A Mile Every Day: What a Running Streak Taught Me about Habits

I ran every day between Thanksgiving and New Years.  

For some runners, this is nothing to write home about (or, in this case, write blogs about). But it was a big commitment for me, moving from my usual 3-4 runs a week to 7 runs a week.

The idea came from the Runner's World Run Streak: run at least 1 mile, every day, from Thanksgiving to New Years. (The RWRunStreak includes a plan for varying mileage that I did not follow--I just stuck with the basic parameters.)

While the run streak was an interesting experiment in running (I didn't crave a rest day, for example, nearly as much as I'd expected to), what was most interesting about it was the lessons it taught me about habit-forming:

Non-negotiable Terms Make Excuses Difficult

When I commit to running 3-4 times a week, I am astoundingly creative in coming up with reasons that today is not the right day for this run: it is too cold, too hot, too windy. I am too tired, too busy, too hungry, too dehydrated. I don't have the right hat, the right socks, the right jacket.

When I committed to running 1 mile every single day, those excuses went out the window. Turns out, carving 15 minutes--and really, 15 minutes is all it takes for a mile-long run + cooldown--into my day was not hard when I don't allow myself to push the 15 minutes to the next day and the next. Turns out I can run without the perfect gear. Turns out I really like running in the rain and even in the cold. 

Turns out, like Kimmy Schmidt said, I can do anything for 10 seconds (or, in the case of a mile, 10 minutes).

Starting is the Hardest Part

And I don't just mean starting the streak -- though it's easy to set arbitrary parameters for this type of thing to delay starting (think of all the times you said you'd start that diet on the first of the month, or you'd start a new journal on the first of the year).

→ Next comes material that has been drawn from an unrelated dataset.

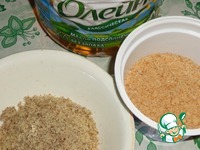 Из грецких орехов сделать крошку и соединить её с панировочными сухарями. |
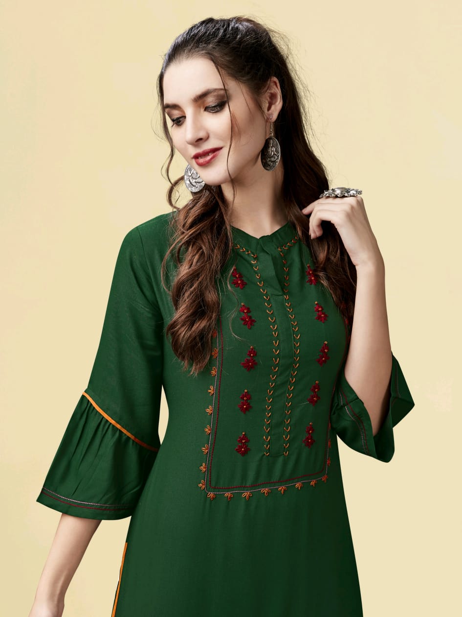 Channel 9 Present Nirvana Rayon With Contrast Kurti With Bottom Set

The hardest part of every run was putting my shoes on and walking out the door. Once I got started, actually completing the mile was the easy part (and in most instances, time allowing, my one mile became two or three or five or six).

Accountibilibuddies Really Do Make a Difference

A running friend of mine sent me this article about "accountabilibuddies" -- and while the article (and my running accountabilibuddies) really emphasize having a buddy system in place for workout accountability, I think this type of partnership can help maintain any habit. 

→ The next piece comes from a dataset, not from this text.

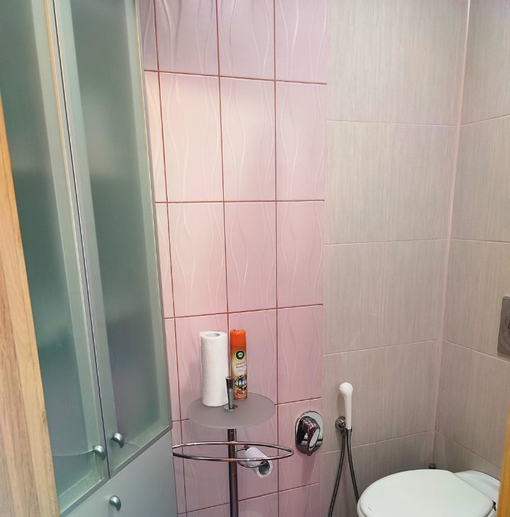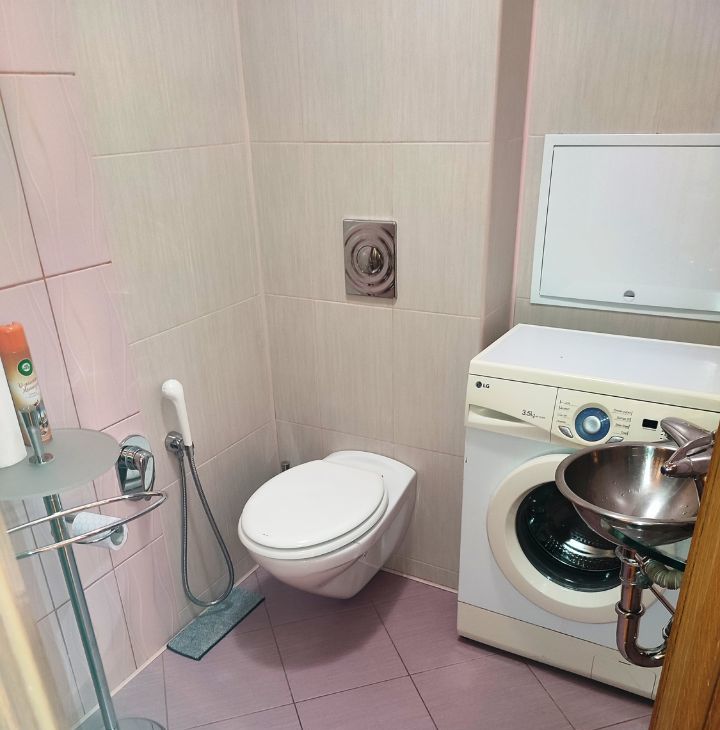 В малом санузле унитаз с гигиеническим душем, раковина - современная сантехника радует глаз. Новая стиральная машина, вместительный шкаф для хозяйственных принадлежностей.

Case in point: some local friends and I all wanted to dedicate more time to writing in 2016, so we meet twice a month for several hours to sit around a table and write. That's time that, if spent at home, alone, I would likely pitter away on social media or work, but with the discipline of working with a group, I now dedicate solely to writing (and a bit of socializing).

While it's great to have in-person accountabilibuddies, online partners can serve the same purpose. Finding people with the same goals and working together to stick to a plan makes the whole process seem that much easier.

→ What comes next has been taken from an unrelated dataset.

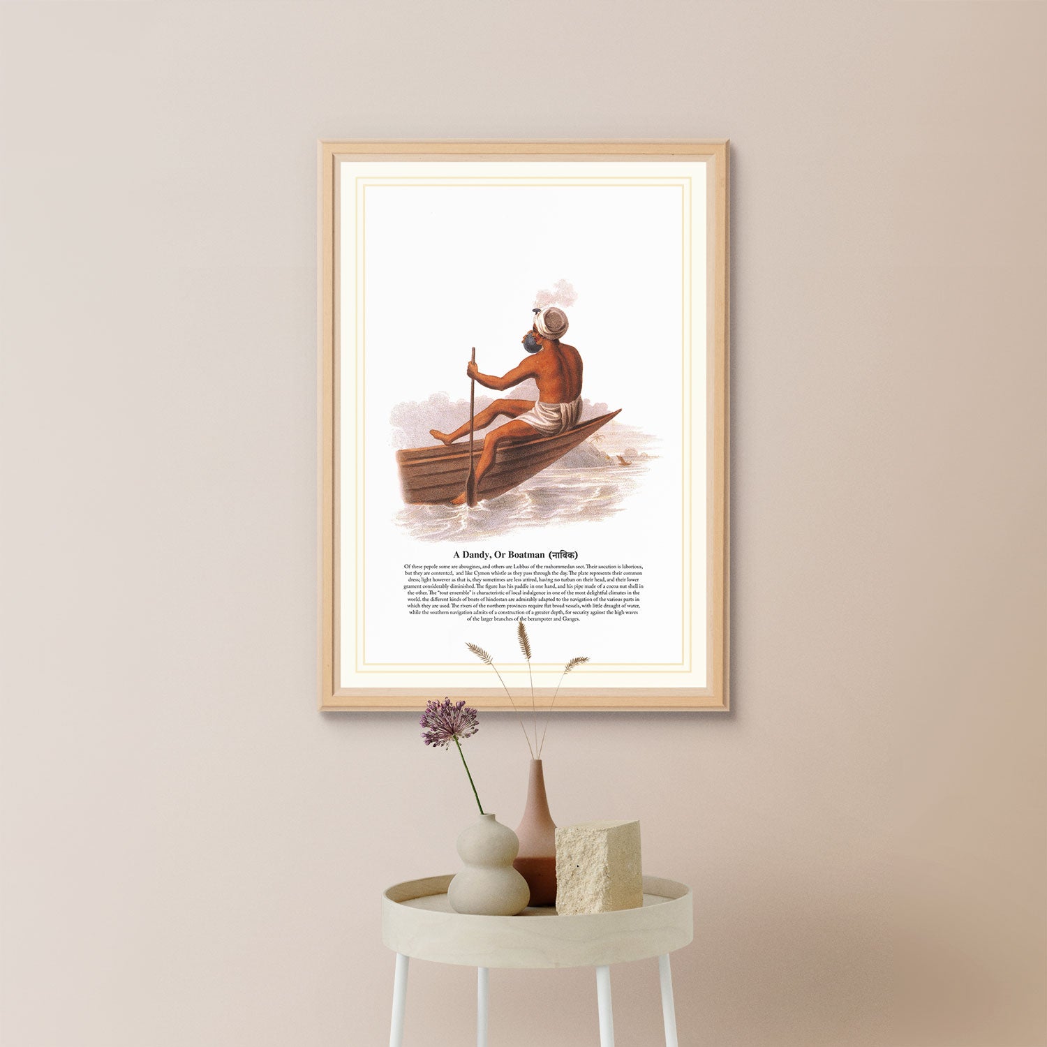 Discover the magnificence of "A Dandy, Or Boatman (नाविक)" Handmade Oil Painting. A meticulous reproduction of the painting by the renowned artist "Franz Balthazar Solvyns"1798 and 1799. This captivating artwork, designed to adorn home walls, is meticulously crafted on premium canvas paper, using the finest oil paints available.

Anticipate the Unintended Consequences

In the case of the running streak, this was laundry. I essentially doubled the amount of laundry I was generating every week (and winter running means extra layers which means even more laundry). After two weeks, I started to account for laundry time in my days: I'd throw a load of laundry in before my morning run, then switch it to the dryer when I was finished showering and eating post-run. It became a mindless part of my routine, but one I hadn't accounted for pre-streak.

It Felt Even Better Than I'd Expected to Get it Done

There were days when it was really, really hard to get out and run that one mile. Days when I pushed myself to run as fast as possible just to get it done, and days when I ran so slowly that my one-mile time was a solid three minutes over my per-mile average for a half marathon distance. Days when I hated running and swore I'd never ever do it again ever (those were mostly the treadmill days; I detest the treadmill). 

But at the end of each run, I felt a little proud of myself for ticking one more day off in the streak. And on New Years Day, after 4 miles of hills in 20 degree temperatures and very gusty winds, it felt damn good to look back across December and the holidays and all of the madness that December and holidays can bring and acknowledge that I did what I'd set out to do. That feeling was worth every bad run (and every good one).


I'm curious: has anyone else tried something like this? NaNoWriMo, perhaps? Or another type of streak-based goal?